Antoine déposa les plateaux sur la table en fronçant les yeux à l'entente du prénom du commandant. L'angoisse le submergea, lui rappelant les accusations mensongères que ces flics avaient postulé à son égard. Heureusement, le sourire de sa compagne le rassura. Il récupéra son portable et s'affala sur la chaise, pétri d'impatience.
«Il a sonné et j'ai vu que c'était Stanislas… Je me suis permise de répondre…
- Et alors? s'empressa-t-il d'angoisse.
- Tout va bien. Maman a dit que c'était un accident…
- Oufff! souffla-t-il en prenant une grande bouffée d'air. J'ai cru qu'on allait replonger dans un cauchemar là…
- Ouais…
- Bon bah ça va, respira-t-il en récupérant une frite dans son paquet.
- Mais quand elle parle d'accident, elle parle de quoi en fait ?
- Bah Stanislas a dû te dire… bégaya-t-il de gêne.
- Non! Personne m'a raconté ce qu'il s'était passé…
Gêné, Antoine détourna le regard.
- On discutait et elle est tombée c'est tout…
- D'accord, sauf que je comprends pas bien pourquoi tu t'es retrouvé chez elle…

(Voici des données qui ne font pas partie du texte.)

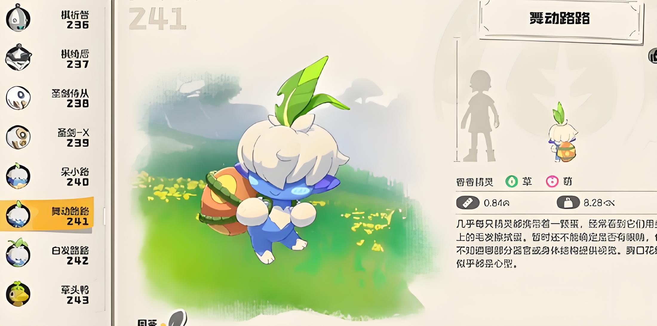 1、进化路径清晰,呆小路32级进化为舞动路路,40级进阶为最终形态白发路路,草属性赋予其对部分机动型对手的克制优势。
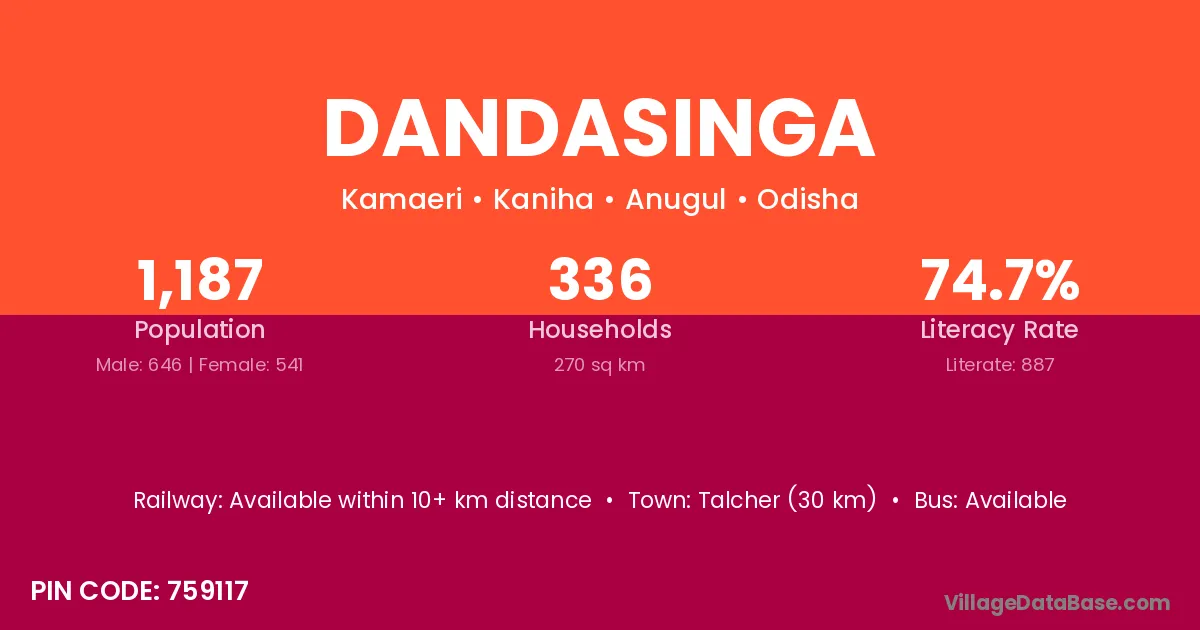 Dandasinga village has a total population of 1,187 people, of which 646 are males and 541 are females.
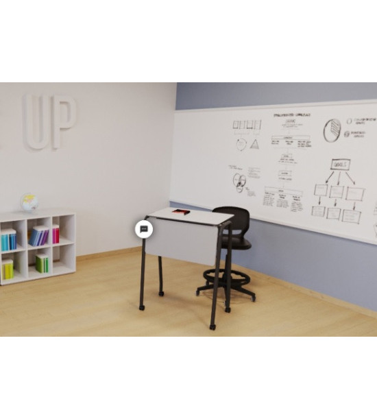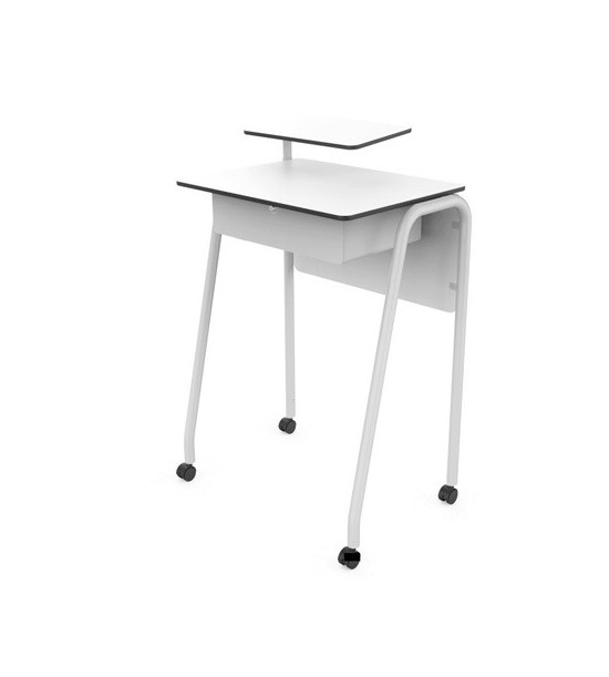 Učitelský 1-místný stůl, pro práci ve stoje, výška 102,5 cm. Vrchní deska tloušťky 13mm. Vhodný pro kolaborativní vyučování. Rozměry (délka x šířka x výška): 70 x 55 x 102,5 cm. Všeobecné vlastnosti: Stoly mají konstrukci z trubky o průměru 35x2 mm v obráceném tvaru „U“. Pod vrchní deskou je odkládací prostor s bočními stranami, spodní a přední hranou. - Vlastnosti stolové desky: vrchní dřevovláknité desky Compacmel® s vysokou hustotou vláken a melaninovým povlakem mají VYSOKOU MECHANICKOU PEVNOST a jsou odolné vůči vlhkosti. Vrchní deska je tloušťky 13mm, se zaoblenými rohy. Barvy desky: světle šedá, bílá. - Vlastnosti kovového rámu: nátěr epoxidovou pryskyřicí, barvy: antracitová RAL 7021, šedá RAL 7035. - Nohy stolu s kolečky. Cena instalace a dopravy se kalkuluje samostatně.
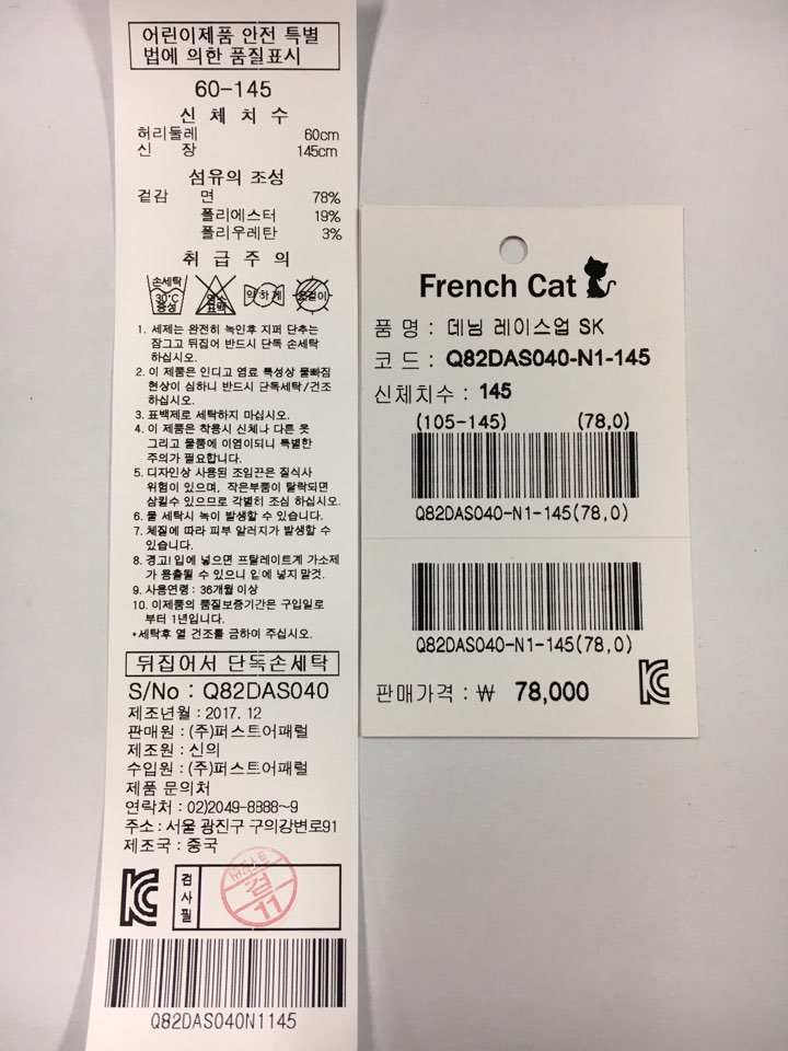 제조자 : 퍼스트어패럴

Agacé, Antoine reposa son sandwich dans son carton et baissa les yeux sur la table.
- C'est ton oncle. Il est venu me trouver à la gare avec cet album là…
- De quel album tu parles?
- L'année 1988… que t'avais laissé dans la voiture…
- Ah, comprit-elle en ravalant sa salive.
- Alors avec ce que tu venais de m'annoncer le matin, j'ai pas réfléchi et je suis parti la confronter.
- Et qu'est-ce qu'elle t'a dit? demanda-t-elle angoissée.
- Pas grand-chose… C'est surtout moi qu'ai parlé en fait… Et dans l'action, elle a reculé et s'est pris les pieds dans la table.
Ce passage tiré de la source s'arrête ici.